In anatomy, a spatium or anatomic space is a space (cavity or gap). Anatomic spaces are often landmarks to find other important structures. When they fill with gases (such as air) or liquids (such as blood) in pathological ways, they can suffer conditions such as pneumothorax, edema, or pericardial effusion.

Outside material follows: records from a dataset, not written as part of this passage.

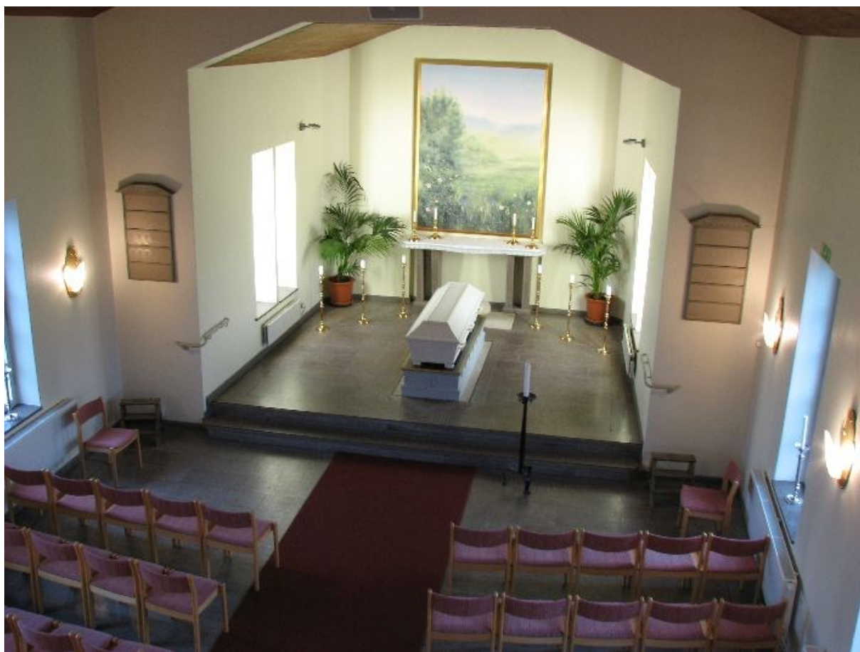
Ceremonisalen sedd från orgelläktaren.
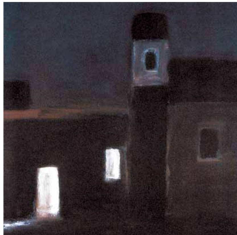
Петр Дик. Ночной город. Наждачная бумага, пастель, уголь. 30x30.1992.

Из письма Бориса Пастернака своей жене Зинаиде Николаевне Нейгауз-Пастернак от 12 сентября 1941 г.
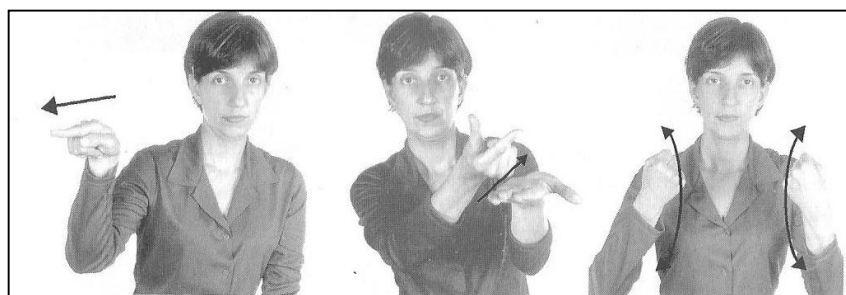
(Quadros & Karnopp, p. 40.)

No sistema de transcrição de sinais, as formas pronominais são transcritas utilizando a palavra relacionada ao pronome no português, definindo o gênero de acordo com o contexto, pois não há marcação morfológica de gênero.
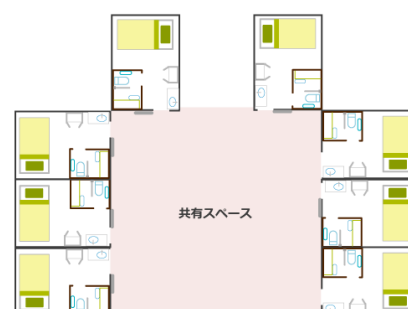
ユニット型個室 (居室面積基準…10.65㎡以上)

ユニット型特養で提供されるケアを“ユニットケア”と呼び、「家庭的な雰囲気の中で、個別性のある居室で、顔なじみの職員が身の回りのお世話をを行う。」という理念の下に生まれたサービスとなります。

Many anatomic spaces are potential spaces, which means that they are potential rather than realized (with their realization being dynamic according to physiologic or pathophysiologic events). In other words, they are like an empty plastic bag that has not been opened (two walls collapsed against each other; no interior volume until opened) or a balloon that has not been inflated.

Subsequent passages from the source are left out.